🤖 AI Summary
Existing indoor navigation systems for visually impaired individuals rely heavily on fixed infrastructure (e.g., beacons) and exhibit poor adaptability to dynamic environments.
Method: This paper introduces the first LLM-driven end-to-end floorplan parsing framework that automatically converts architectural floorplans into structured knowledge graphs and generates natural-language navigation instructions—eliminating dependence on physical infrastructure. The approach integrates multimodal foundation models, Claude 3.7 Sonnet, few-shot prompting, and graph-structured spatial modeling, replacing handcrafted rules and pixel-level visual reasoning with knowledge-graph-based representation.
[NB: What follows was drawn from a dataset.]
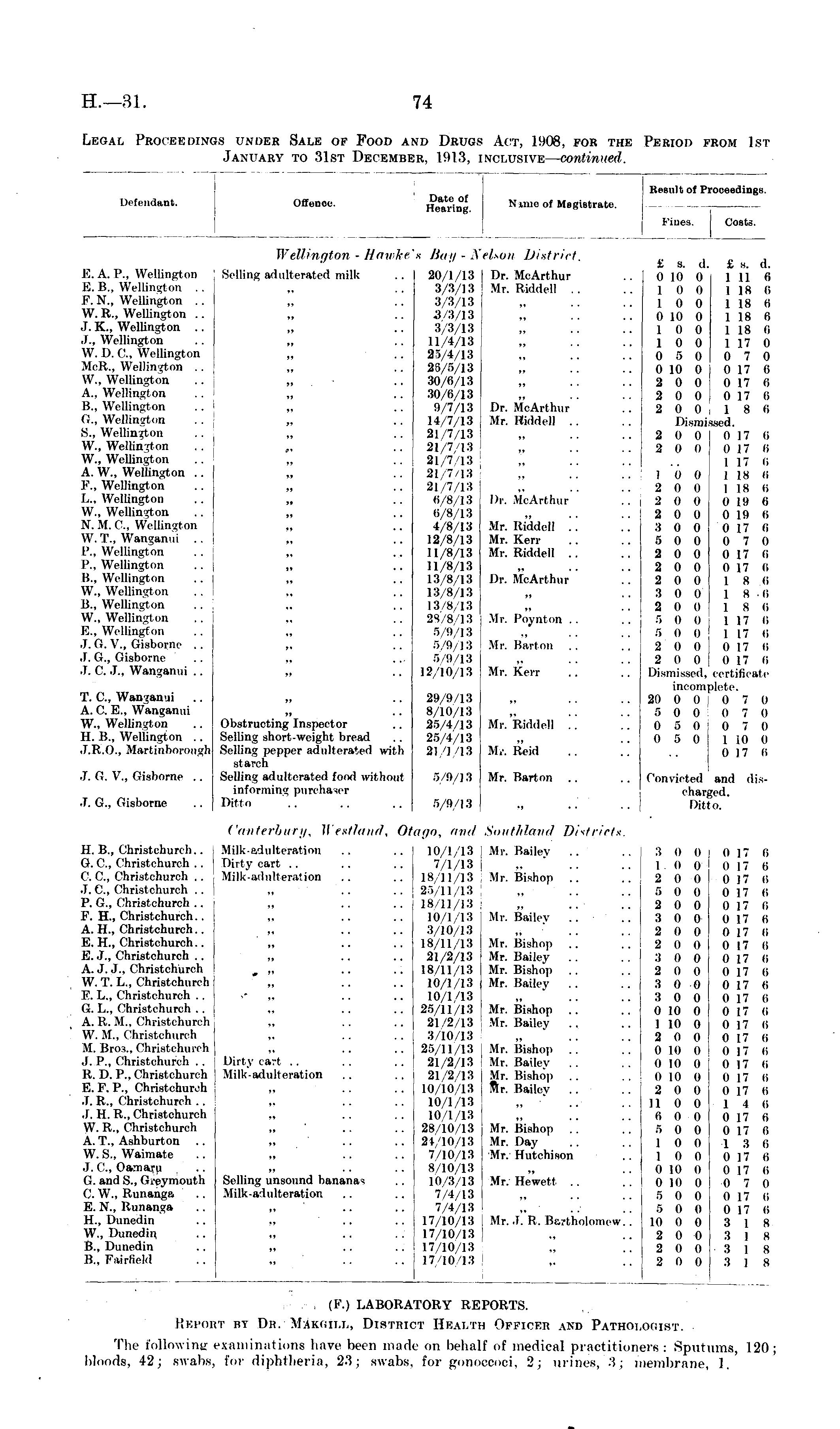 Defendant, Oflenoe. Hiring. N uiio of Magietrato. Kesult of Proceedings. Fines. Cost.-. j<:. A. I'., Wellington E. B., Wellington .. F. N., Wellington .. W.R., Wellington .. J. K., Wellington .. «J., Wellington W. D. (',., Wellington Melt.. Wellington .. \\\. Wellington A., Wellington B., Wellington G., Wellington 8., Wellington W., Wellington W., Wellington A. W., Wellington .. F., Wellington L., Wellington W., Wellington X. M.C., WeUington W. 'I'.. Wanganui I'., Wellington I , .. Wellington H.. Wellington W., Wellington IS., Wellington W., Wellington K., Wellingfbn J. (1. V., Qisbor.ne .. J. ('•.. Qisborne J. ('. J., Wanganui .. Wellington - Hawke'n /In// - Nelson District, Selling adulterated milk .. 20/1/13 Dr. MoArthur 3/3/13 Mr. Riddel] .. 3,:! 13 ..3/3/13 3/3/13 11/4/13 25/4/13 26/5/13 30/6/13 30/6/13 9/7/13 Dr. MoArthur 14/7/13 Mr. Riddcll .. .. 21/7/13 ,. .. 21/7/13 21/7/13 21/7/13 21/7/13 6/8/13 Dr. MoArthur 6/8/13 1/8/13 Mr. Riddel] .. 12/8/13 Mr. Kerr 11/8/13 Mr. Riddcll .. 11/8/13 13/8/13 Dr. Mi Arthur 13/8/13 13/8/13 23/8/13 Mr. Poynton . . 8 9/13 6/9/13 Mr. Barton .. 6 9/13 .. 12/10/13 Mr. Kerr £ s. d. (I 10 0 1 0 0 1 0 0 0 10 0 1 0 0 1 0 0 0 5 0 0 10 0 2 0 0 2 0 0 2 0 0 Dismii 2 (i 0 2 0 (i 1 6 o 2 0 0 2 0 0 2 0 0 3 0 0 5 0 0 2 0 0 2 0 (i 2 (I 0 3 0 0 2 0 0 r, 0 i) 5 0 0 2 0 0 2 0 0 Dismissed, incom] 20 0 0 8 0 (i 0 6 i) (t 5 0 £ s. <l. 1 11 6 1 18 6 1 18 ti 1 18 6 1 18 6 1 17 0 0 7 0 0 17 6 0 17 6 0 17 6 1 8 (i seed. 0 17 6 0 17 6 1 17 6 1 18 6 I 18 6 (i i9 a 0 19 6 (117 II 0 7 (I 0 17 6 0 17 (i 1 8 (i 1 8 .6 1 8 l> 1 17 8 1 17 l> 0 17 li 0 17 (i certificate ilete. 0 7 (» 0 7 0 0 7 0 1 i0 0 0 17 6 T. C, Wanganui A. C. E., Wanganui W., Wellington H. B., Wellington .. J.R.O., Martiriborough 29 9/13 8/10/13 Obstructing Inspector .. 25/4/13 Mr. Riddel! .. Selling short-weight bread .. 26/4/13 ,, Selling pepper adulterated with 21/1/13 Mr. Reid st arch Selling adulterated food without 6/9/13 Mr. Barton .. informing purchaser Ditto .. .. .. 6/9 I :s .. J. O. V., GBsbonre .. Convicted charf Ditt and disced. J. G., Gisborne 0. H. B., Christchurch.. G. C, Christchurcli .. C. C, Christchurch .. J. C.i Christchurch .. P. G., Christchurch .. F. H., Christehurch.. A. H., Christchurch.. E. H., Christchureh. . H..)., Christ church . . A. .1. J., Christchurch W.T, l>.. Christ church E. l>., Christchurch .. (J. L., Christchurch .. A. I!. M.. Chi-istclmrch W. M.. Christchurch M. Bros., ( hrist church J. I , ., Christchurch . . R, I). P., Christohuroh E.F. P., Christ chmvh • I. R., Christchurch . . J. H. R., Christchureh W. E., Cliristchurch A. T., Ashburton . . W. 8., Waimate .1. c, Oamaru G. ami S.. IJ i-cvniouth C. W., Runaaga E. N., Runanga H.. Dunedin W., Dunedin B., Dunedin B., Fairfield Canterbury, fVestland, Ota go, and Southland Districts. 0 17 li 0 17 li 0 17 6 0 17 l> 0 17 6 0 17 6 0 17 l> 0 17 l> 0 17 6 0 17 6 0 17 6 0 17 6 0 17 6 (I 17 li 0 17 l> O 17 6 0 17 l> 0 17 li I) 17 l> 14 6 0 17 6 0 17 6 1 3 6 0 17 6 0 17 6 0 7 0 0 17 6 0 17 6 :i i 8 8 1 8 3 18 3 1 8 Milk-adulteration .. .. 10/1/13 I Mr. Bailey .. Dirty cart .. .. .. 7/1/13 j Milk-adulteration .. .. 18/11/13 Mr. Bishop .. .. 25/11/13 .. 18/11/13 10/1/13 Mr. Bailey .. 3/10/13 .. 18/11/13 Mr. Bishop .. 21/2/13 Mr. Bailey .. ... .. .. 18/11/13 Mr. Bishop .. 10/1/13 Mr. Bailey .. •' - .. .. 10/1/13 .. 25/11/13 Mr. Bishop .. 21/2/13 Mr. Bailey .. ..3/10/13 ..25/11 13 Mr. Bishop . . Dirty cart .. .. .. 21/2 13 Mr. Bailey .. Milk-adulteration .. .. 21/2/13 Mr. Bishop .. .. 10/10/13 Tlr. Bailey .. :. 10/1/13 10/1 13 . . 28/10/13 Mr. Bishop . . .. 24/10/13 Mr. Day 7/10/13 Mr. Hutchison 8/10/13 Selling unsound bananas .. 10/3/13 Mr. Qewett .. Milk-adulteration .. .. 7/4, I. , ! ..7/4 13 .. 17/10/13 Mr. J. R. Bartholomew.. ..17/10/13 ..17 10 13 .. 17/10 13 :s 0 0 1 0 0 2 0 0 5 0 (I 2 0 0 3 0 0 2 0 0 2 0 0 3 0 0 2 0 0 :s o o 3 o (i 0 10 0 1 10 (t 2 0 0 0 Hi 0 0 10 0 0 10 0 2 0 0 110 0 <i 0 0 r> o 0 1 0 0 1 0 0 (I II) II 0 10 0 S 0 0 5 0 I) 10 0 0 2 0 0 2 0 0 2 0 0

Contribution/Results: Evaluated on the MP-1 dataset under a 5-shot setting, the framework achieves navigation accuracy of 92.3%, 76.9%, and 61.5% for short, medium, and long paths, respectively. Graph-structured modeling improves navigation success rate by 15.4% over direct visual reasoning, significantly enhancing robustness in dynamic environments and cross-scenario generalization.
📝 Abstract
Indoor navigation remains a critical challenge for people with visual impairments. The current solutions mainly rely on infrastructure-based systems, which limit their ability to navigate safely in dynamic environments. We propose a novel navigation approach that utilizes a foundation model to transform floor plans into navigable knowledge graphs and generate human-readable navigation instructions. Floorplan2Guide integrates a large language model (LLM) to extract spatial information from architectural layouts, reducing the manual preprocessing required by earlier floorplan parsing methods. Experimental results indicate that few-shot learning improves navigation accuracy in comparison to zero-shot learning on simulated and real-world evaluations. Claude 3.7 Sonnet achieves the highest accuracy among the evaluated models, with 92.31%, 76.92%, and 61.54% on the short, medium, and long routes, respectively, under 5-shot prompting of the MP-1 floor plan. The success rate of graph-based spatial structure is 15.4% higher than that of direct visual reasoning among all models, which confirms that graphical representation and in-context learning enhance navigation performance and make our solution more precise for indoor navigation of Blind and Low Vision (BLV) users.